Armageddon is a Swedish melodic death metal band, led by Christopher Amott of Arch Enemy.

Biography
Formed in Halmstad, Sweden, in 1997 by Christopher Amott, Armageddon began when Arch Enemy were invited to Japan to sign a new record deal with Toy's Factory records after the release of the Black Earth album.  While in Japan, Christopher secured his own record deal for a solo project, which became Armageddon.  When he returned to Sweden, he recruited drummer Peter Wildoer (Darkane, Majestic), bassist Martin Bengtsson, and vocalist Jonas Nyrén (In Thy Dreams).
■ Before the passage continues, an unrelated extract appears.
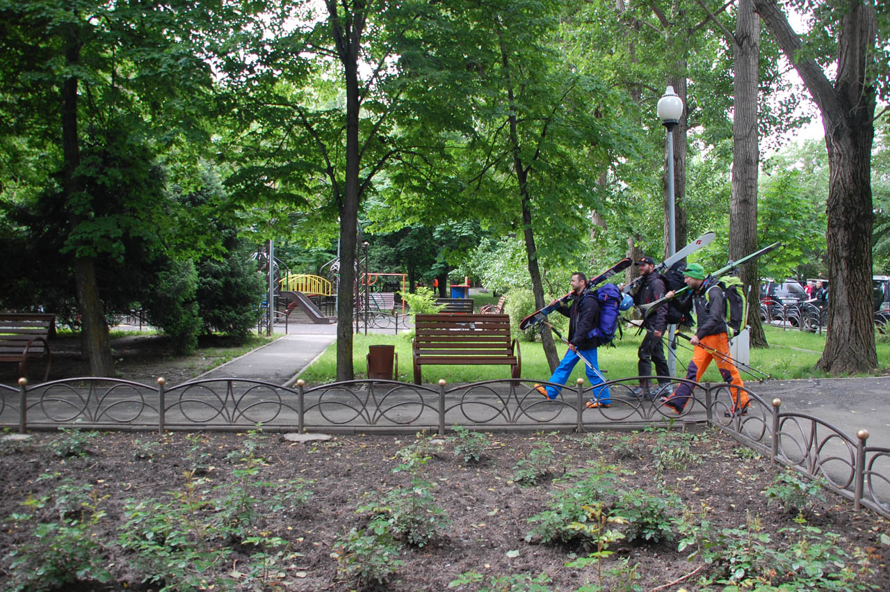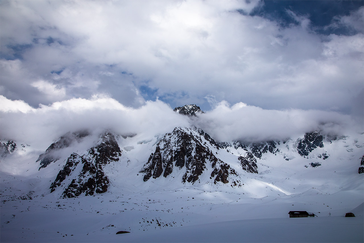 Четыре утра, небо затянуто. Спим еще до 5:00. Вроде раздуло, видимость метров 500, но у меня надежды на окно нет. Надо вставать и собираться. Выехали, наст не держит, тепло. С тяжелым рюкзаком не хватает хвоста, лыжи бы шире и длиннее. Надо держать скорость, но видимости нет. То и дело бугорок или яма. О идеи спуститься через пик Памяти не может идти и речи. Дорога полностью засыпана, лавиноопасно. Спустились кое-как. Ниже Мынжылков ехать проще, но тут облако и льет дождь, чуть промокли. Доехали до Бастионов Октябренка, а потом пешком до Чимбулака. Вниз в жестких ботинках не очень, страдают колени, шли без спешки. Такси до Медео, автобус. От остановки домой, пешком через весенний зеленый город. Внизу буйство красок и жизни – вверху белое недружелюбное безмолвие.

The band released their 1997 debut album, Crossing the Rubicon, on the now defunct W.A.R. records in Europe, and on Toy's Factory Records in Japan. Crossing the Rubicon focused primarily on melodic death metal, but incorporated instrumentals and special effects pieces between each song. The album was released by the same label that released Arch Enemy's first album in Europe, but it folded soon after the release of Rubicon and the album has since become a rare find. To this day, Crossing the Rubicon has never been released outside of Europe and Japan.

Following Crossing the Rubicon, Peter Wildoer and Martin Bengtsson both joined Arch Enemy, recording and releasing Stigmata in 1998. Christopher would focus on Arch Enemy for the better part of three years, and did not return to Armageddon until 2000's Embrace the Mystery, released in Japan on Toy's Factory records. The album featured Last Tribe members Rickard Bengtsson on vocals and Dick Lövgren on bass (also of Meshuggah), as well as Arch Enemy's new drummer Daniel Erlandsson (In Flames, Eucharist). 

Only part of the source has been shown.